談山神社 (Tanzan-jinja Shrine)
談山神社(たんざんじんじゃ)は、奈良県桜井市の多武峰(とうのみね)にある神社。
祭神は、藤原鎌足(談山大明神・談山権現)。
サクラとカエデの名所である。
神仏分離以前は、寺院であり、多武峯寺という名称であった。
概要
鎌倉時代に成立した寺伝によると、藤原氏の祖である藤原鎌足の死後の天武天皇7年(678年)、長男で僧の定恵が唐からの帰国後に、父の墓を摂津国安威の地(参照:阿武山古墳)から大和国のこの地に移し、十三重塔を造立したのが発祥である。
天武天皇9年(680年)に講堂(現在の神社建築)が創建され、そこを妙楽寺と号した。
大宝 (日本)元年(701年)、十三重塔の東に鎌足の木像を安置する祠堂(現在の神社建築)が建立され、聖霊院と号した。

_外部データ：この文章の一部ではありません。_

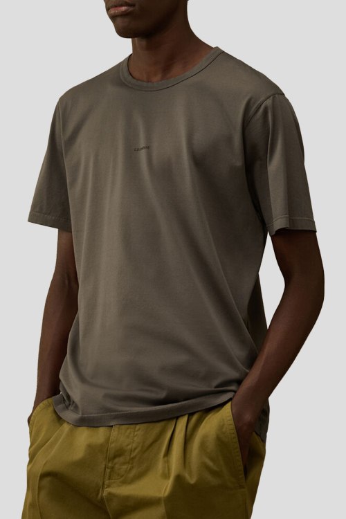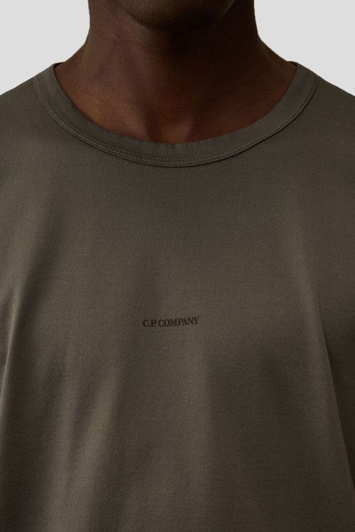 Детали: Мужская темно-серая хлопковая футболка от C.P. Company (СиПи Компани). Логотип на груди, круглый вырез горловины, короткий рукав, классическая длина

談山の名の由来は、藤原鎌足と天智天皇が、大化元年(645年)5月に大化の改新の談合をこの多武峰にて行い、後に「談い山(かたらいやま)」「談所ヶ森」と呼んだことによるとされる。
平安時代には藤原高光が出家後に入山、増賀上人を招聘するなど、藤原氏の繁栄と共に発展を遂げた。
鎌倉時代には曹洞宗本山永平寺の二世、孤雲懐奘(大和尚)が参学した。
平安時代に天台僧・増賀を迎えたことから、同じ大和国の藤原氏縁の寺院でありながら、宗派の違う興福寺とは争いが絶えなかった。

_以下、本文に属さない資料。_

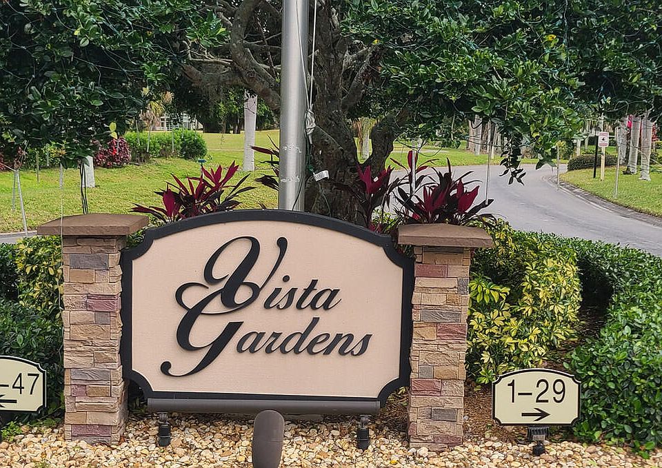 THIS IS IT! This new to market 1st FL, CORNER condo, quietly nestled in Vista Gardens has it all... New roof and completely remodeled to include all new kitchen with white shaker cabinetry, tiled backsplash, SS appls., and dbl floor to ceiling pantry. Also, vinyl plank flooring has been installed seamlessly into each room for beauty and ease of maintenance, condo has been freshly painted, all new Allen and Roth vanities and commodes have been added to the bathrooms, all new switches and outlets throughout. The master bedroom is oversized and includes a nice sized walk in closet and en suite bath. This unit includes a brand new washer and dryer! Hands down best value for a turnkey condo in all of Vista Gardens and is priced to sell! HOA fee includes TV, sewer, water, lawncare, pool. Vista Gardens offers resort-style living w/new golf course, heated pool, spa, fitness center, & much more. Just mins to the beach, shopping, dining, & medical facilities- this location can't be beat... Don't let this one slip away, call me for your private tour today.
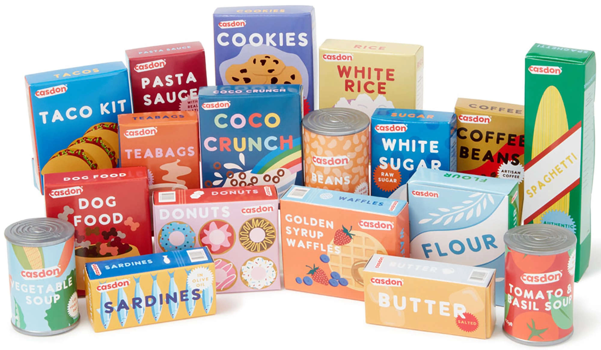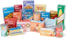 Krāsainas kastītes un skārdenes ar cepumu, miltu, pupiņu vai zupas apdrukām veicina iztēli un tematisku veikala spēli.

鎌倉時代から室町時代にかけてはたびたび領地などを巡り争論を繰り広げていた。
1585年(天正13)、豊臣秀吉により、郡山城下に移すことを厳命され破却、遷座。
1590年(天正18)年に、帰山を許された。
徳川家康により復興。
近世の朱印領は3000石余である。
1869年(明治2)に僧徒が還俗。
談山神社と改称された。
仏教伽藍は現代も談山神社境内に見ることができ、登拝者も後を絶たない。
明治の廃仏毀釈の際に寺を廃し神社のみとなったが、建物は寺院建築をそのまま使用しているため、独特の雰囲気を残している。

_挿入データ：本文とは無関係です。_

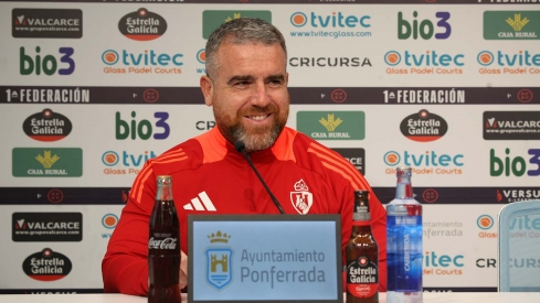 Javi Rey, entrenador de la Deportiva Ponferradina, atendió a los medios antes de visitar al Tarazona este domingo (15:30 horas) y tras la remontada ante el Osasuna Promesas, un partido en el que su equipo tuvo que asumir riesgos importantes a pesar de que a los técnicos, como reconoció el propio adiestrador gallego, no les gusta. «El otro día quedamos con Borja Valle y Bustos», aclaró el preparador ourensano, que reconoció que «arriesgamos demasiado. Me gusta el orden», incidió.

談山神社から御破裂山への山道があり、その奥に藤原鎌足の墓所といわれる陵がある。
談山神社から、少し歩いたところに藤原鎌足の次男、淡海公(藤原不比等)の墓といわれる石塔がある。
尚、拝殿や十三重塔は戦前に何度か日本銀行券の図案に採用された事がある。
国宝
粟原寺三重塔伏鉢(おうばらでらさんじゅうのとうふくばち)‐桜井市粟原(談山神社の北東方向)の山中に跡が残る粟原寺の遺物である。
「伏鉢」とは、三重塔、五重塔などの最上部に立つ「相輪」の部材の一つ。
銅製で、和銅8年(715年)の年号を含む刻銘がある。
中臣大島(なかとみのあそんおおしま)が草壁皇子のために発願したという粟原寺の由緒が書かれている。
「工芸品」ではなく「考古資料」の部の国宝に指定されている。
奈良国立博物館に寄託。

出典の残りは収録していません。